> [Given entries]:
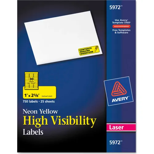 Avery® High-Visibility Laser Labels, 1 x 2-5/8, Neon Yellow, 750/Pack
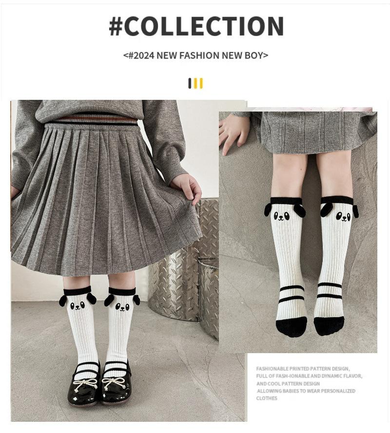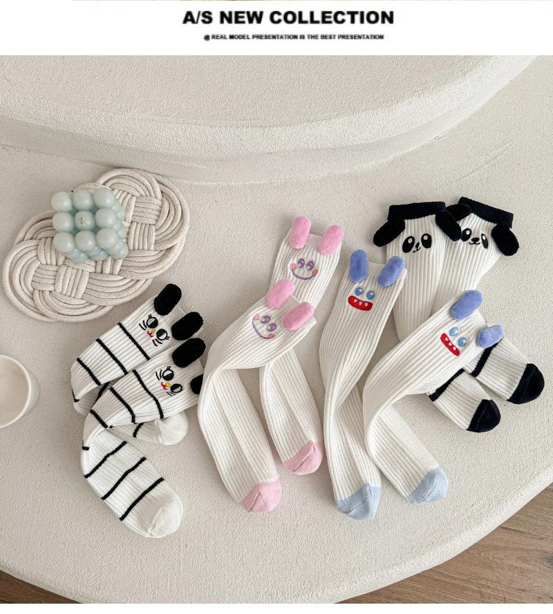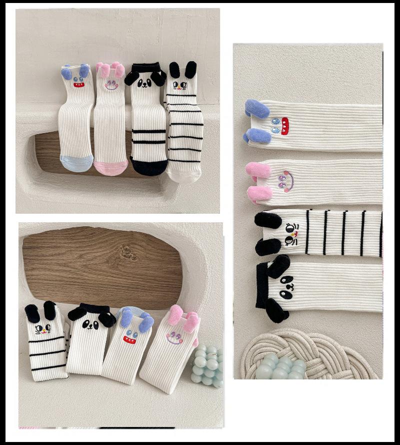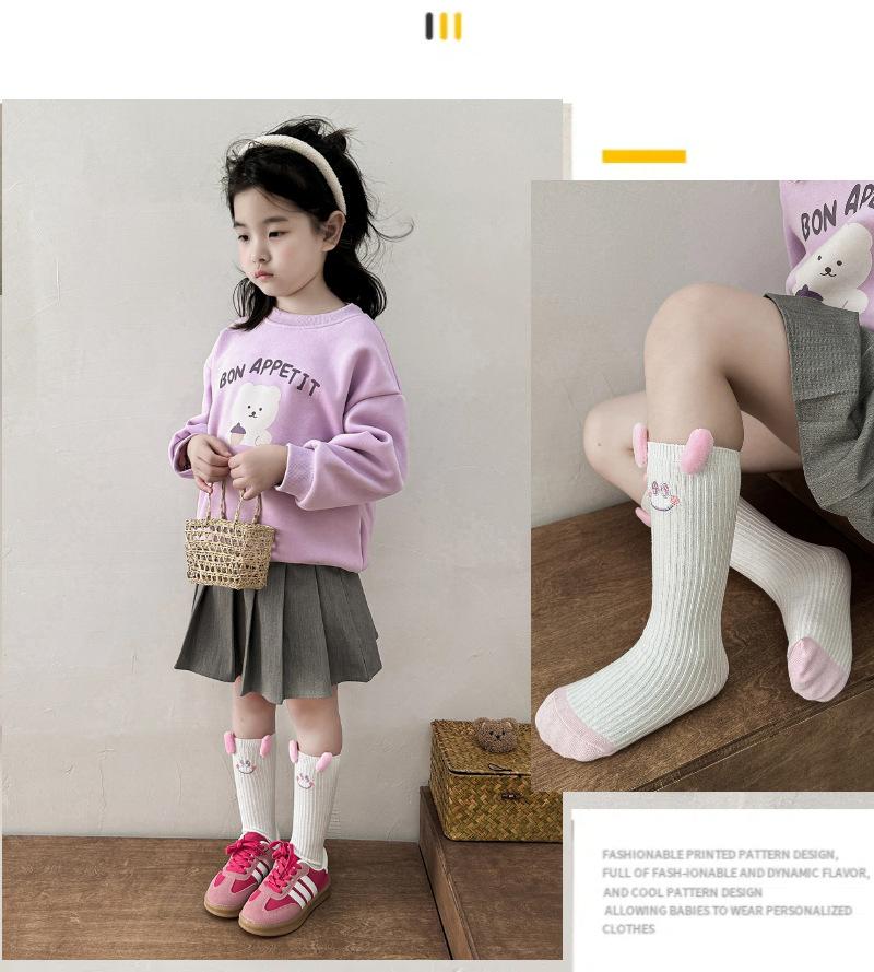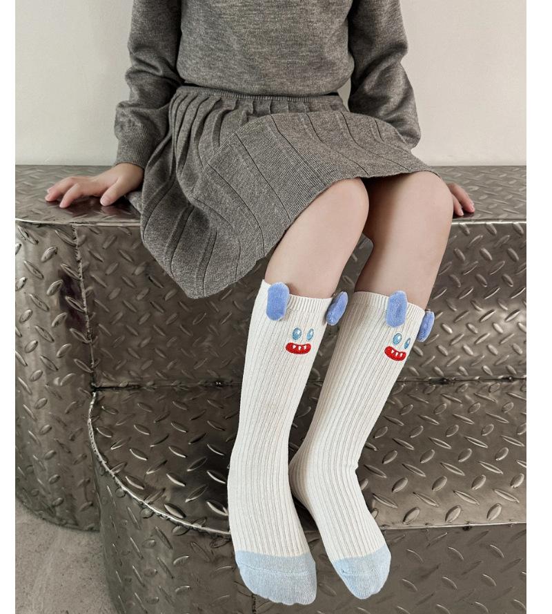 Meias infantis primavera e outono algodão penteado agulha dupla cano médio meias meninas coreano desenho animado fofo meias de princesa meias de bebê
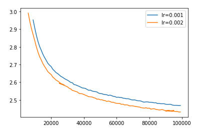 2. Уменьшение lr часто приводит к замедлению обучения. Например, здесь уменьшение lr в два раза привело к замедлению на 30%:
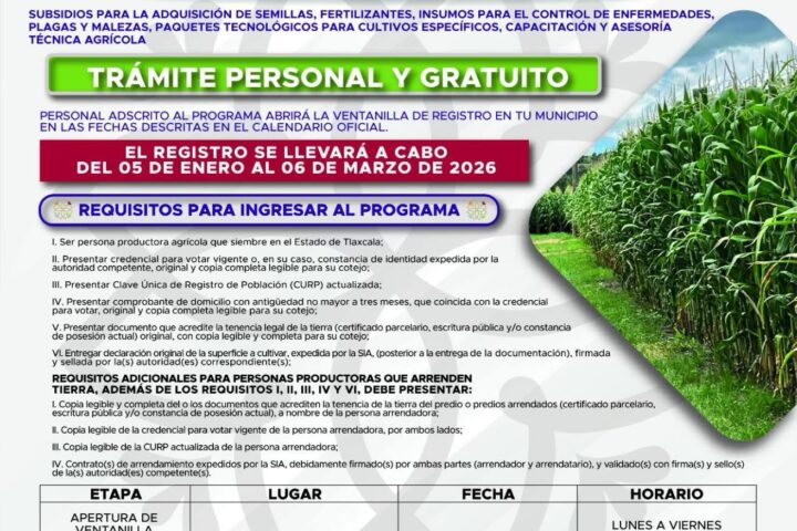 Para mayores informes, las y los productores pueden comunicarse al 246 465 0900, extensión 2225, o consultar la página oficial siatlaxcala.gob.mx.
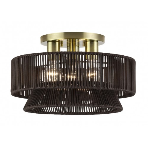 Hand-woven Dark Chocolate Color Polyester Rope Shade, 15" Dia x 6.25" H
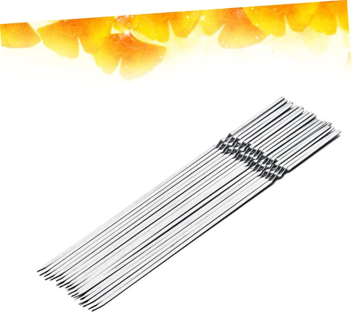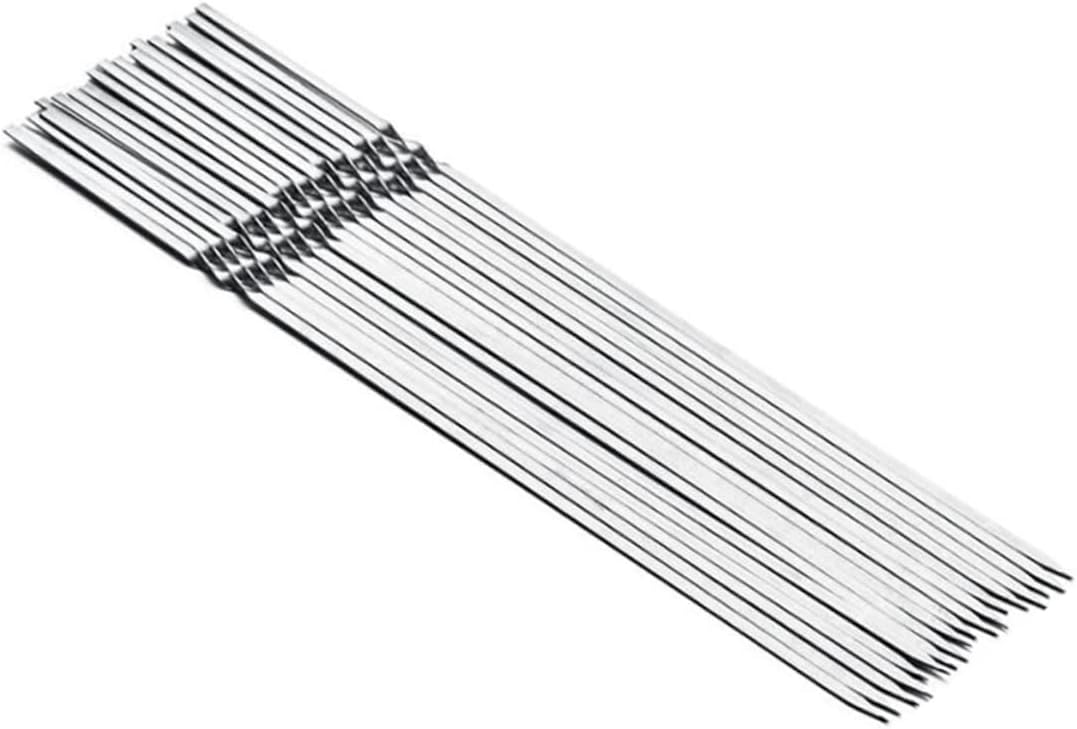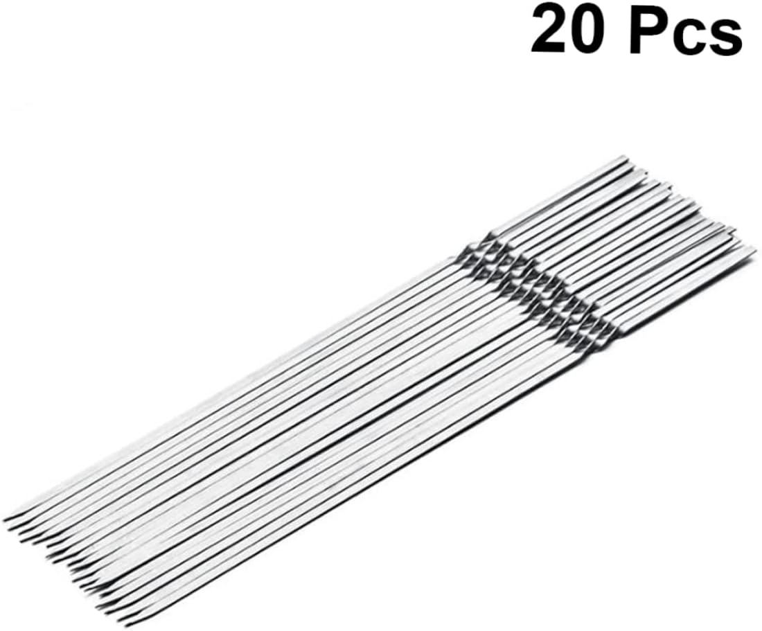 Package List 20 x barbecue sticks Characteristics -Material: Stainless Steel barbecue stick. -Size: Approx 35x1x1cm stainless steel barbecue bar. -Color: Silver. - 35cm long size design prevents people from getting burned easily when grilling stainless steel barbecue stick. - Suitable for outdoor BBQ party, barbecue restaurant, camping barbecue skewer. - Unique shape design prevent your food from spinning/rolling and it makes getting an even cook easier reusable BBQ skewer. - Adopting stainless steel design for reused. - Made from food grade stainless steel, contain no harmful chemicals that leach into your food, it is rust- , heavy duty.Goods Descriptionreusable BBQ skewer Included 20pcs barbecue special sticks, and all of these sticks are made of stainless steel material.stainless steel barbecue bar Suitable for BBQ lovers and home BBQ party holders.stainless steel barbecue stick No worry about burned stick destroy the meat's taste anymore.barbecue skewer Special shape and wide blades makes your cooking
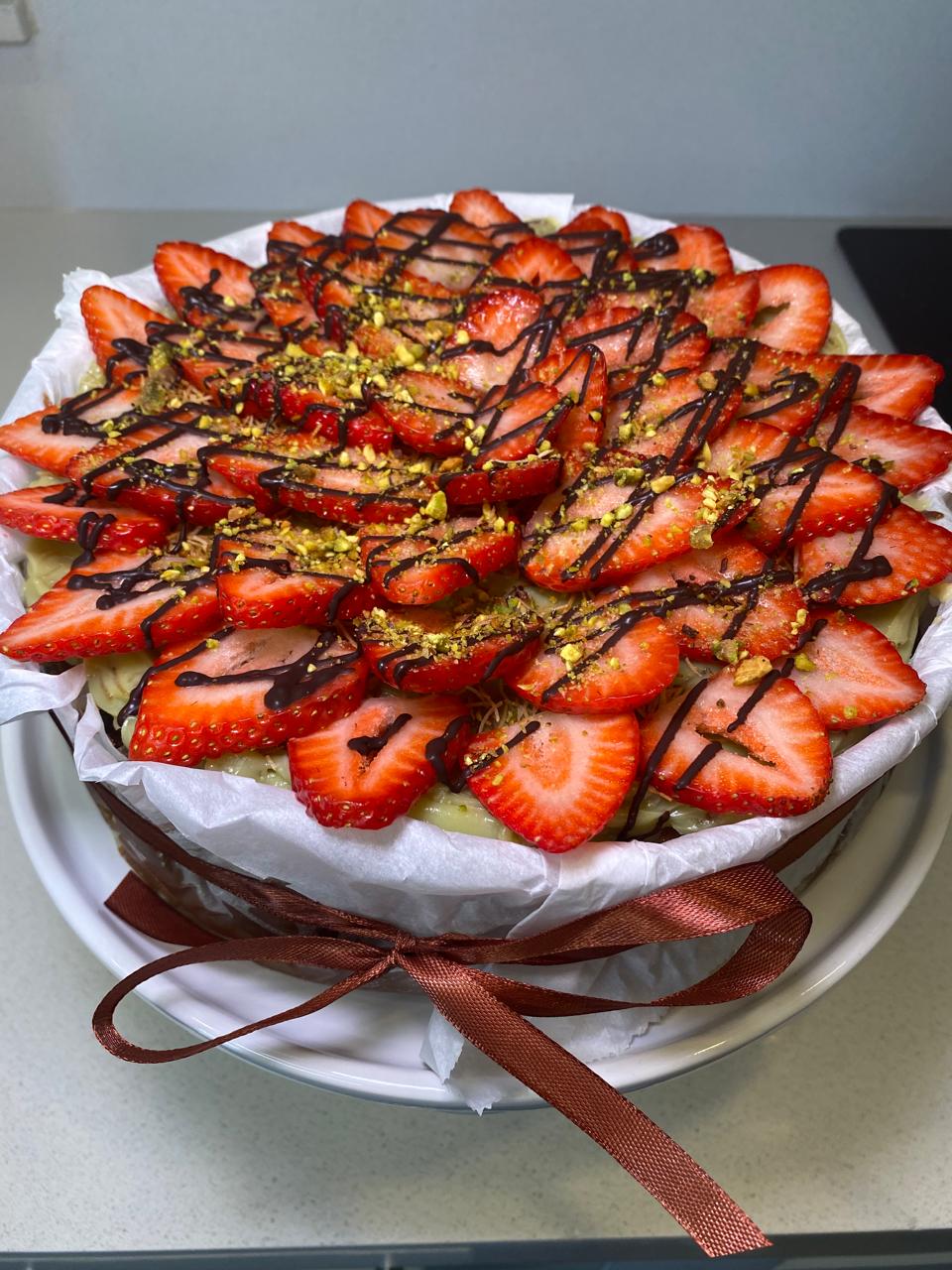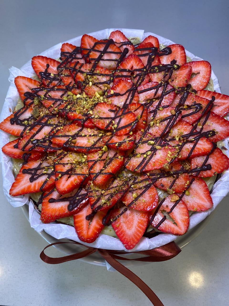 Nuestro delicioso Cheesecake Vasco de chocolate llega con la nueva tendencia Dubai, tiene masa de Cheesecake de Chocolate 55% cubierto con Brigadeiro de Pistacho, katafi tostado y Fresas.

> [Task to complete]: Because only one stretch of the records is wanted, please output the lines from the one holding "Meias infantis primavera" through the one holding "2. Уменьшение lr" exactly, both included, and leave every picture out.

> [Solution for this exercise]:
 Meias infantis primavera e outono algodão penteado agulha dupla cano médio meias meninas coreano desenho animado fofo meias de princesa meias de bebê
 2. Уменьшение lr часто приводит к замедлению обучения. Например, здесь уменьшение lr в два раза привело к замедлению на 30%:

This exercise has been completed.